• _WHAT THE TASK REQUIRES_: The records that follow are to be repeated exactly, without any pictures.

[Extracted records]
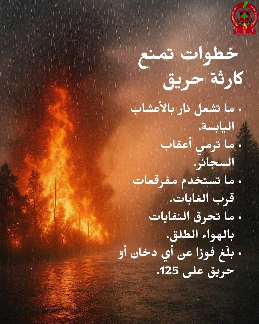 - عدم استخدام المفرقعات أو الألعاب النارية بالقرب من الغابات أو الأعشاب اليابسة.
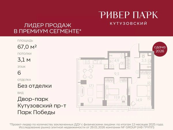 Перспектива роста стоимости: Кутузовский проспект один из самых престижных районов Москвы с высокой ликвидностью недвижимости. Цены в районе на ЖК такого уровня 1,2-1,5 млн руб кв м, покупая за 685 тыс кв метр, ваша выгода Х2-Х2.5!!
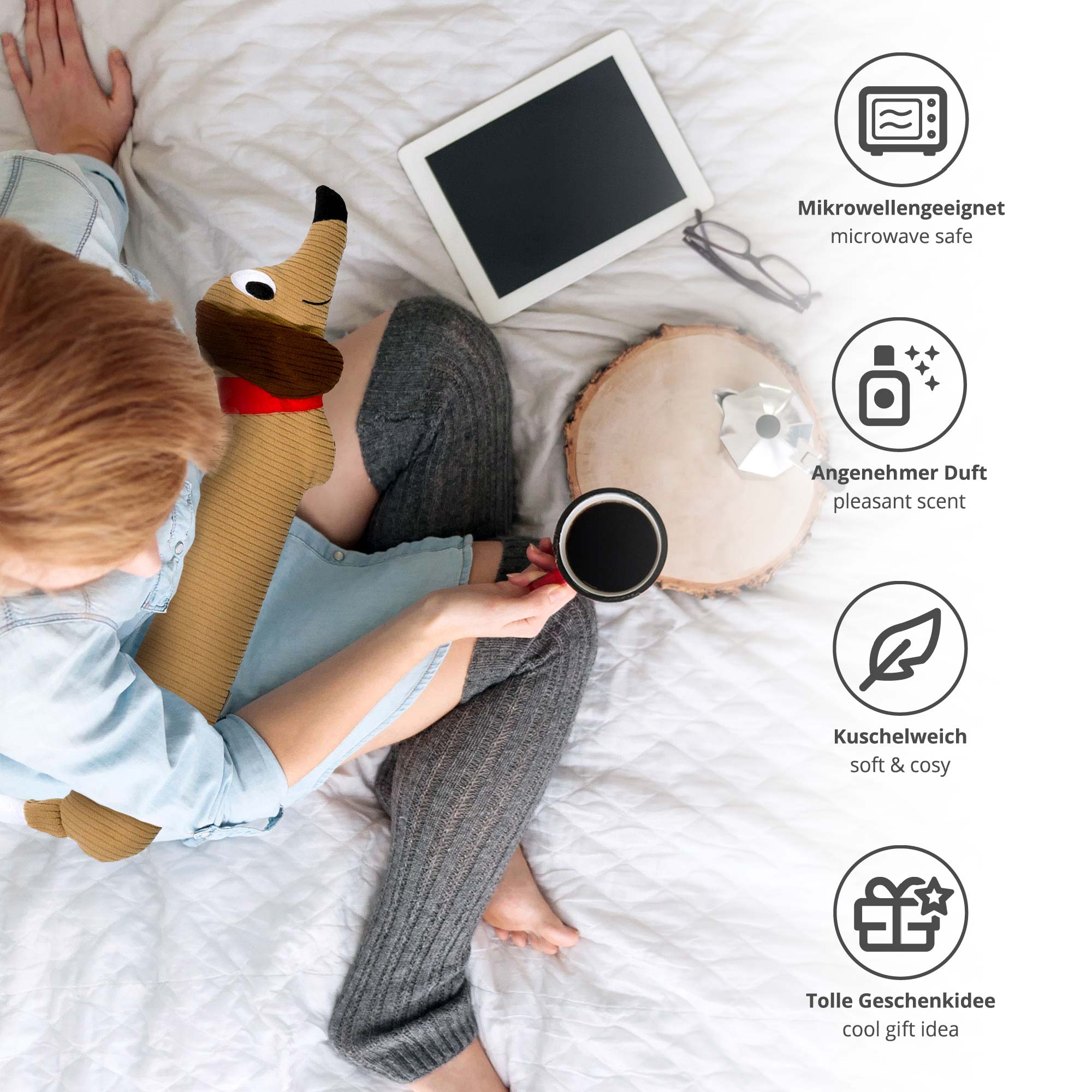 Du hast kalte Füße, einen verspannten Nacken oder einfach Lust auf tierisch süße Entspannung? Dann kommt dieser Dackel wie gerufen! Der Dackel Mikrowelle ist Dein neues Lieblingstier – weich, lang, treu und stets bereit, Dir Wärme und Entspannung zu schenken. Einfach kurz in die Mikrowelle legen und schon sorgt das Körner-Innenleben mit Lavendelduft für wohltuende Momente. Ob auf dem Bauch, im Nacken oder einfach zum Knuddeln – dieser Dackel ist der beste Wärmespender der Welt!
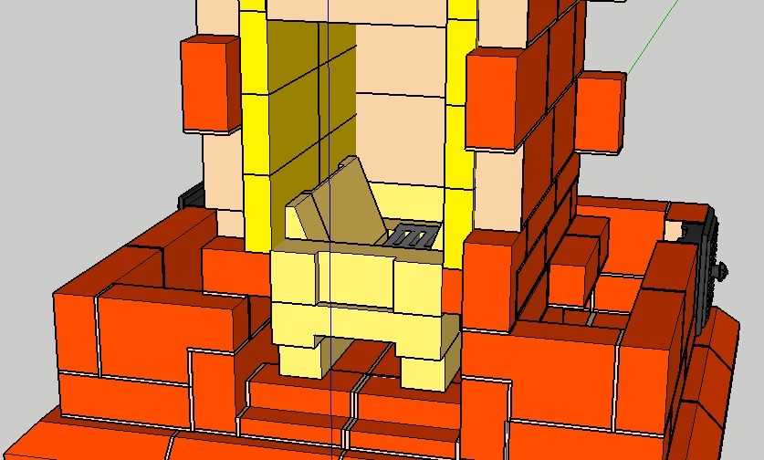4) Согласен, что задвижку прямого хода лучше поставить по центру. У меня поворотная задвижка и я плохо представляю как ее установить на шамотный кирпич. Выше тепловой зазор и второй ярус.
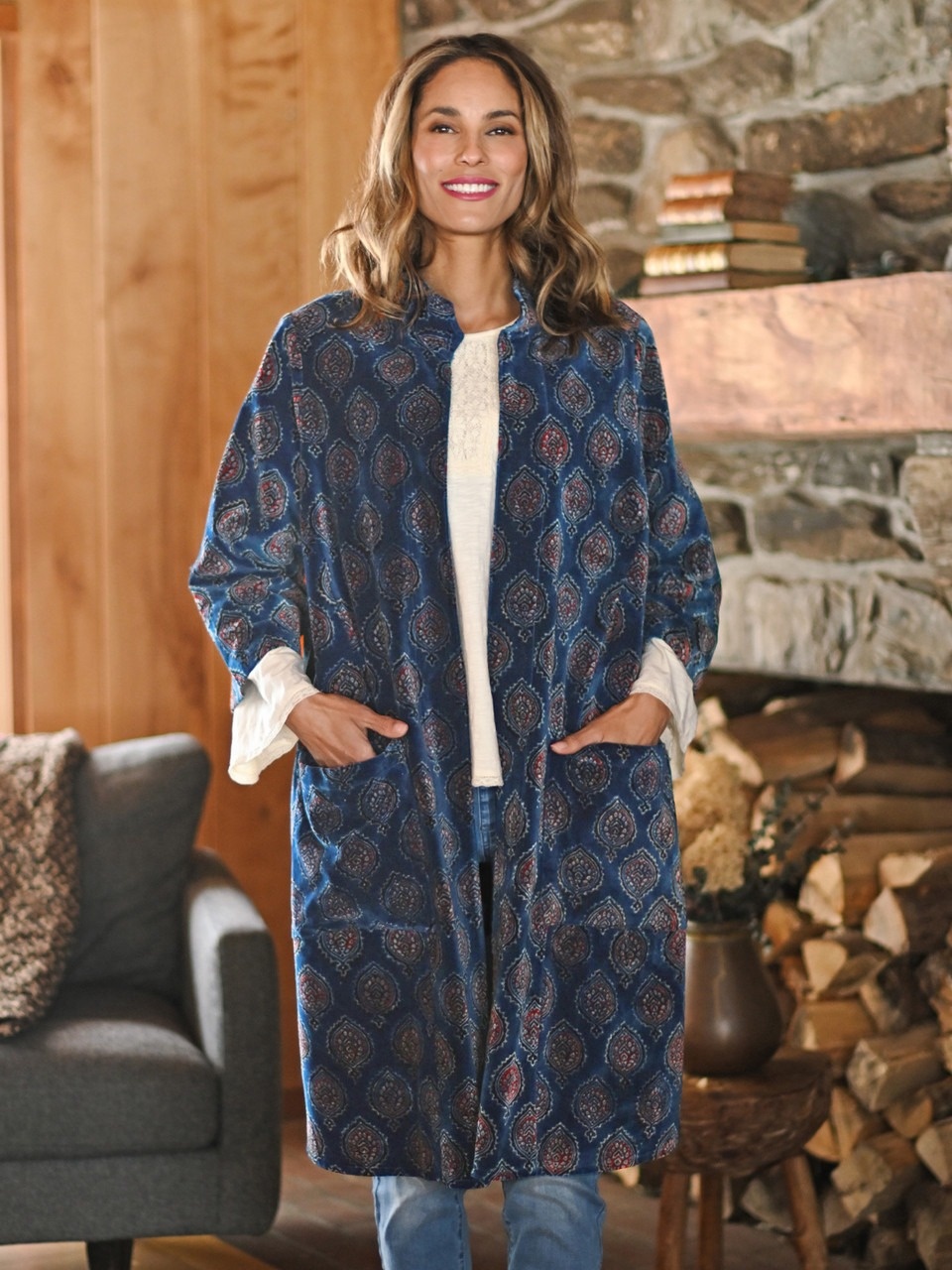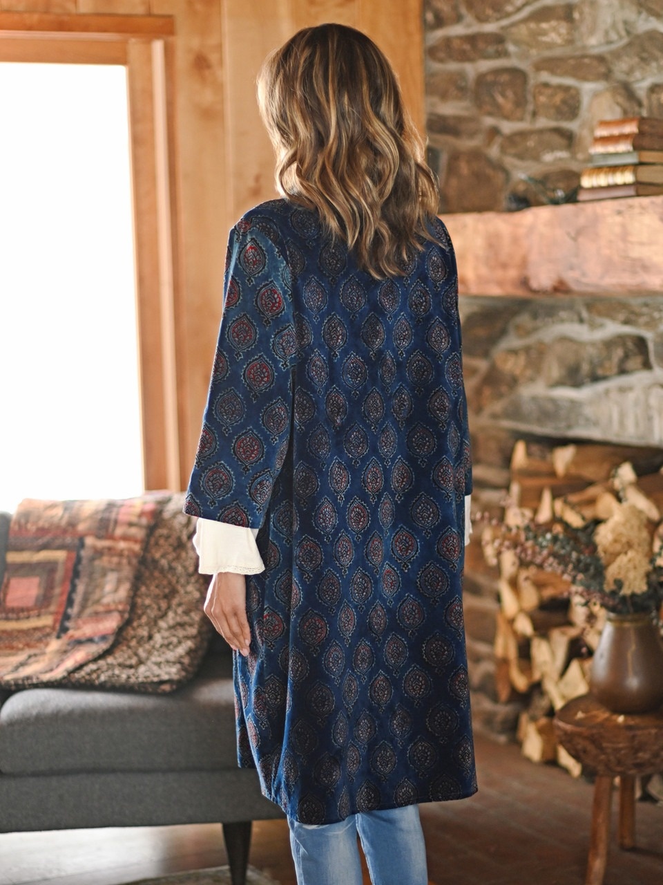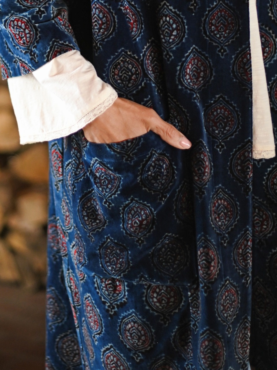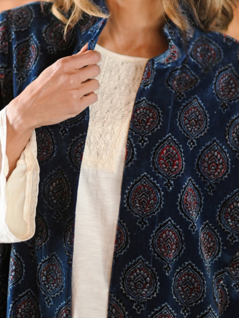 Revel in the rich, naturally dyed indigo of the Vernissage, a cotton velvet masterpiece fashioned with an open front, patch pockets, and a Nehru collar for a stylish silhouette.
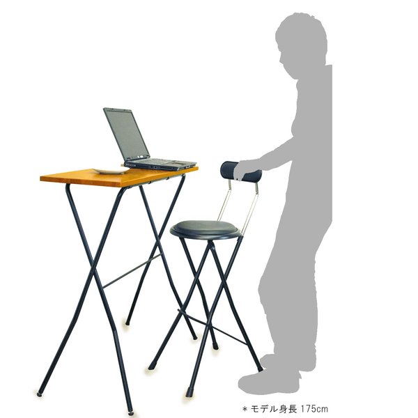 天板高さ1メートル程度のハイカウンターテーブルにマッチするシート高さ71cmのフォールディングチェア。
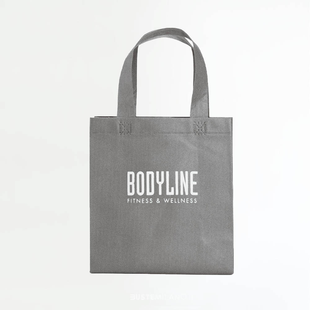 Le shoppers in TNT formato Mini (tessuto non tessuto) sono versatili e moderne, con cuciture, soffietti e manici termosaldati per renderle comode e facili da trasportare.
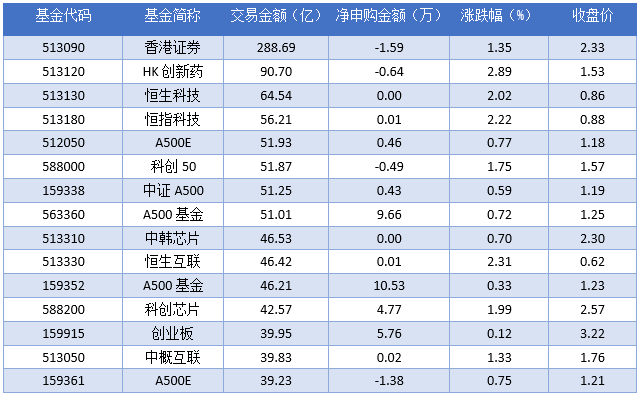 从成交金额上来看,2025年09月30日成交额最大的是香港证券(513090),交易金额288.69亿元。排名靠前的HK创新药(513120)、恒生科技(513130)、恒指科技(513180),成交额分别为90.70亿元、64.54亿元、56.21亿元。
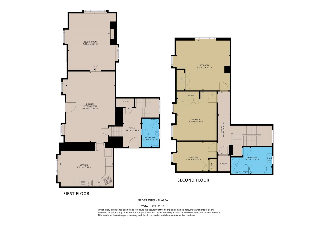 The ground floor includes a sitting room, living room, kitchen and dining area, rear hall and shower room, while upstairs there are three bedrooms and a family bathroom.
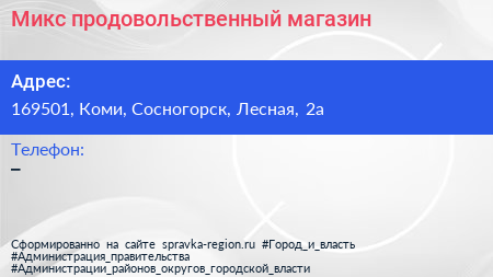 Микс, продовольственный магазин по адресу 169501, Коми, Сосногорск, Лесная, 2а в дальнейшем Организация, размещена в следующих категориях:
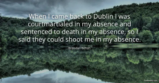 Behan, Brendan. (2026, January 14). When I came back to Dublin I was courtmartialed in my absence and sentenced to death in my absence, so I said they could shoot me in my absence. FixQuotes. https://fixquotes.com/quotes/when-i-came-back-to-dublin-i-was-courtmartialed-29205/
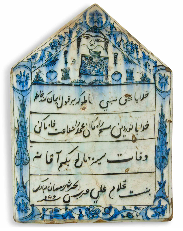 The use of Persian poetry on Iranian ceramic tombstones became increasingly popular from the last quarter of the sixteenth century, gradually replacing the Qurʾanic verses, Hadith quotations, and Arabic prayers for the Fourteen Infallibles (the Prophet Mohammad, his daughter Fatemeh, and the Twelve Emams) commonly inscribed on late fifteenth- and sixteenth-century tombstones (for a 992/1584–85 example in the Emamzadeh Yahya at Varamin, see Sheikhalhokamaee’s essay, no. 1). Between the late sixteenth and early eighteenth centuries, two distinct types of Persian verses emerged almost simultaneously on underglaze-painted ceramic tombstones: poetic excerpts from the works of renowned poets, carefully chosen for their appropriateness to a funerary context (Type I), and madda tarikhs (chronogram poems), specially composed verses incorporating the name of the deceased and/or abjad numerals (numerical values assigned to letters) (Type II).
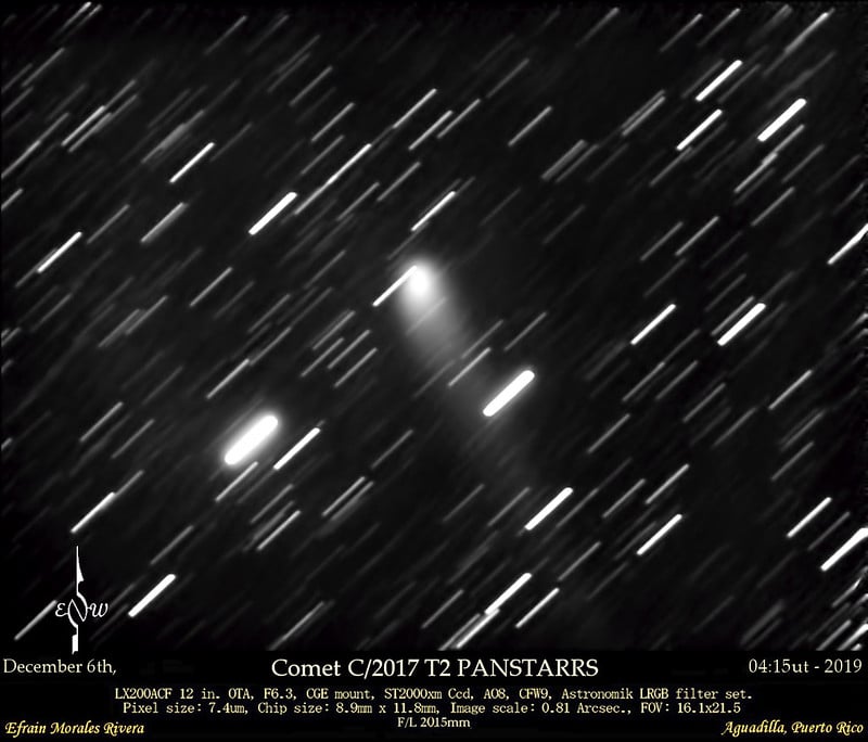 This one has been a long time coming. Discovered on the night of October 2nd, 2017 by the PanSTARRS survey, C/2017 T2 PanSTARRS was 8.5 Astronomical Units (AU) from the Sun, just inside the orbit of Saturn at the time of discovery. Although it was shining at a faint +19thmagnitude at the time, such a distant discovery suggested that the find could be an intrinsically bright object.

• _ANSWER_:
 - عدم استخدام المفرقعات أو الألعاب النارية بالقرب من الغابات أو الأعشاب اليابسة.
 Перспектива роста стоимости: Кутузовский проспект один из самых престижных районов Москвы с высокой ликвидностью недвижимости. Цены в районе на ЖК такого уровня 1,2-1,5 млн руб кв м, покупая за 685 тыс кв метр, ваша выгода Х2-Х2.5!!
 Du hast kalte Füße, einen verspannten Nacken oder einfach Lust auf tierisch süße Entspannung? Dann kommt dieser Dackel wie gerufen! Der Dackel Mikrowelle ist Dein neues Lieblingstier – weich, lang, treu und stets bereit, Dir Wärme und Entspannung zu schenken. Einfach kurz in die Mikrowelle legen und schon sorgt das Körner-Innenleben mit Lavendelduft für wohltuende Momente. Ob auf dem Bauch, im Nacken oder einfach zum Knuddeln – dieser Dackel ist der beste Wärmespender der Welt!
4) Согласен, что задвижку прямого хода лучше поставить по центру. У меня поворотная задвижка и я плохо представляю как ее установить на шамотный кирпич. Выше тепловой зазор и второй ярус.
 Revel in the rich, naturally dyed indigo of the Vernissage, a cotton velvet masterpiece fashioned with an open front, patch pockets, and a Nehru collar for a stylish silhouette.
 天板高さ1メートル程度のハイカウンターテーブルにマッチするシート高さ71cmのフォールディングチェア。
 Le shoppers in TNT formato Mini (tessuto non tessuto) sono versatili e moderne, con cuciture, soffietti e manici termosaldati per renderle comode e facili da trasportare.
 从成交金额上来看,2025年09月30日成交额最大的是香港证券(513090),交易金额288.69亿元。排名靠前的HK创新药(513120)、恒生科技(513130)、恒指科技(513180),成交额分别为90.70亿元、64.54亿元、56.21亿元。
 The ground floor includes a sitting room, living room, kitchen and dining area, rear hall and shower room, while upstairs there are three bedrooms and a family bathroom.
 Микс, продовольственный магазин по адресу 169501, Коми, Сосногорск, Лесная, 2а в дальнейшем Организация, размещена в следующих категориях:
 Behan, Brendan. (2026, January 14). When I came back to Dublin I was courtmartialed in my absence and sentenced to death in my absence, so I said they could shoot me in my absence. FixQuotes. https://fixquotes.com/quotes/when-i-came-back-to-dublin-i-was-courtmartialed-29205/
 The use of Persian poetry on Iranian ceramic tombstones became increasingly popular from the last quarter of the sixteenth century, gradually replacing the Qurʾanic verses, Hadith quotations, and Arabic prayers for the Fourteen Infallibles (the Prophet Mohammad, his daughter Fatemeh, and the Twelve Emams) commonly inscribed on late fifteenth- and sixteenth-century tombstones (for a 992/1584–85 example in the Emamzadeh Yahya at Varamin, see Sheikhalhokamaee’s essay, no. 1). Between the late sixteenth and early eighteenth centuries, two distinct types of Persian verses emerged almost simultaneously on underglaze-painted ceramic tombstones: poetic excerpts from the works of renowned poets, carefully chosen for their appropriateness to a funerary context (Type I), and madda tarikhs (chronogram poems), specially composed verses incorporating the name of the deceased and/or abjad numerals (numerical values assigned to letters) (Type II).
 This one has been a long time coming. Discovered on the night of October 2nd, 2017 by the PanSTARRS survey, C/2017 T2 PanSTARRS was 8.5 Astronomical Units (AU) from the Sun, just inside the orbit of Saturn at the time of discovery. Although it was shining at a faint +19thmagnitude at the time, such a distant discovery suggested that the find could be an intrinsically bright object.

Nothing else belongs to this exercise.